I shrugged, inside my suit, then realized that she couldn't see the movement. "This is the only bridge to space that we've got. We'll be out of the bridge business, and back in the ferry-boat business. They'll have to start sending stuff up by rockets again. Shipments won't be a thousandth of what they are now, until another Stalk can be built. That will take thirty years, starting without this one to help us—even if the Colonies survive all right, and work on nothing else. We don't have to worry about that, though. We won't be there to hassle with it."
She nodded. "We were in such a hurry to get away it never occurred to me that we'd be sitting here for a couple of days with nothing to do but worry. Any ideas?"

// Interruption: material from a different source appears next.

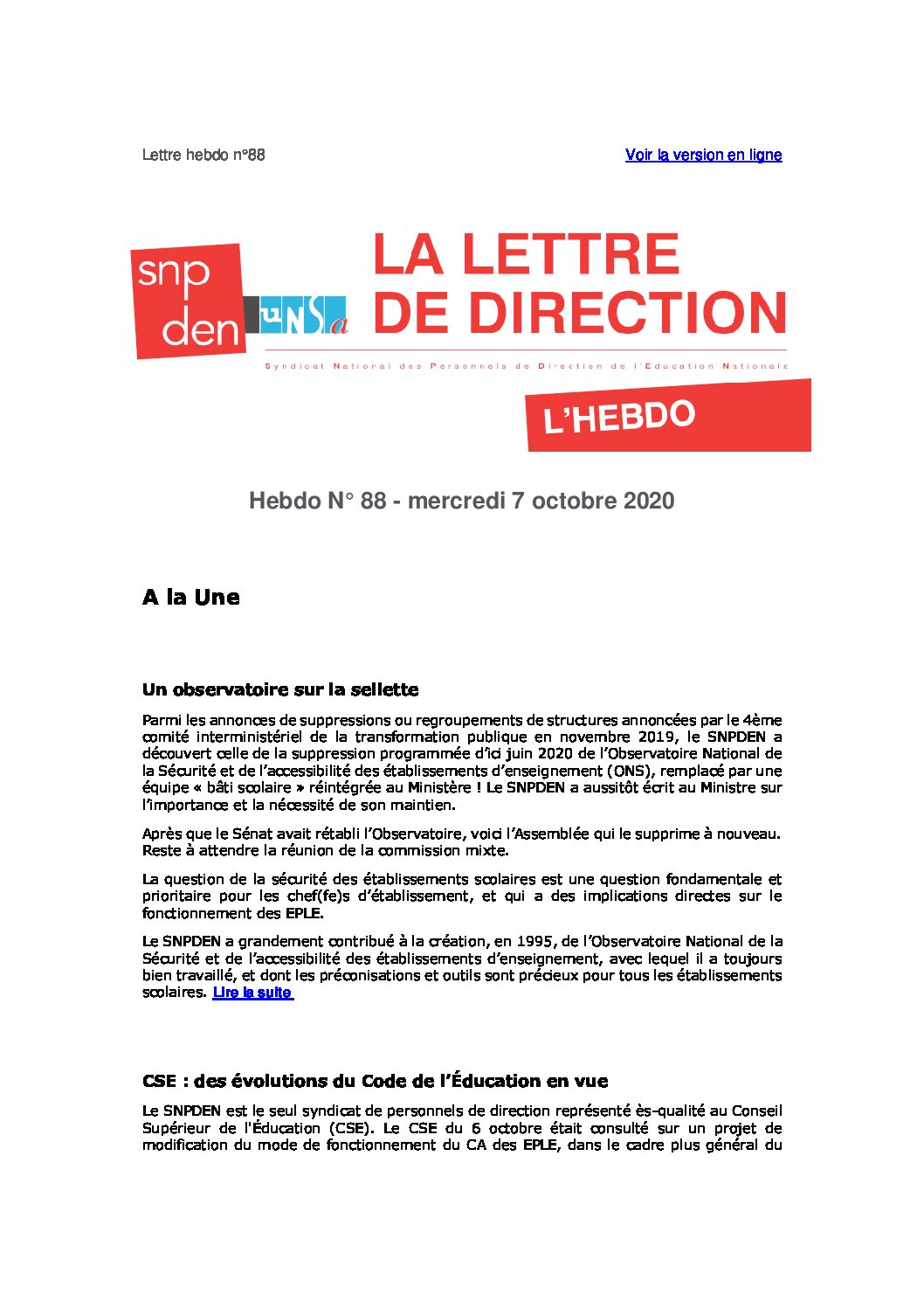 AccueilDocumentsActu Perdirs/Lettre HebdoLettre Hebdo n° 88 Lettre Hebdo n° 88 Publié le 7 octobre 2020 à 15:23 par Joëlle JONNEAUX − Mis à jour le 14 octobre 2020 à 14:56

"Yes. While you were making the reel and grapnel, I thought about that. The only thing that's worth our attention right now is a better understanding of the geometry of the Stalk. We need to know exactly where to position ourselves, where we'll set the grapnels, and what our dynamics will be as we move. I've asked Ricardo to send us schematics and lay-outs over the suit videos. He's picking out ones that show the drive train, the placing of the superconductors, and the unmanned repair stations. I've also asked him to deactivate all the repair robots. It's better for us to risk a failure on the maintenance side than have one of the monitoring robots wandering along the Stalk and mixing in with what we're trying to do."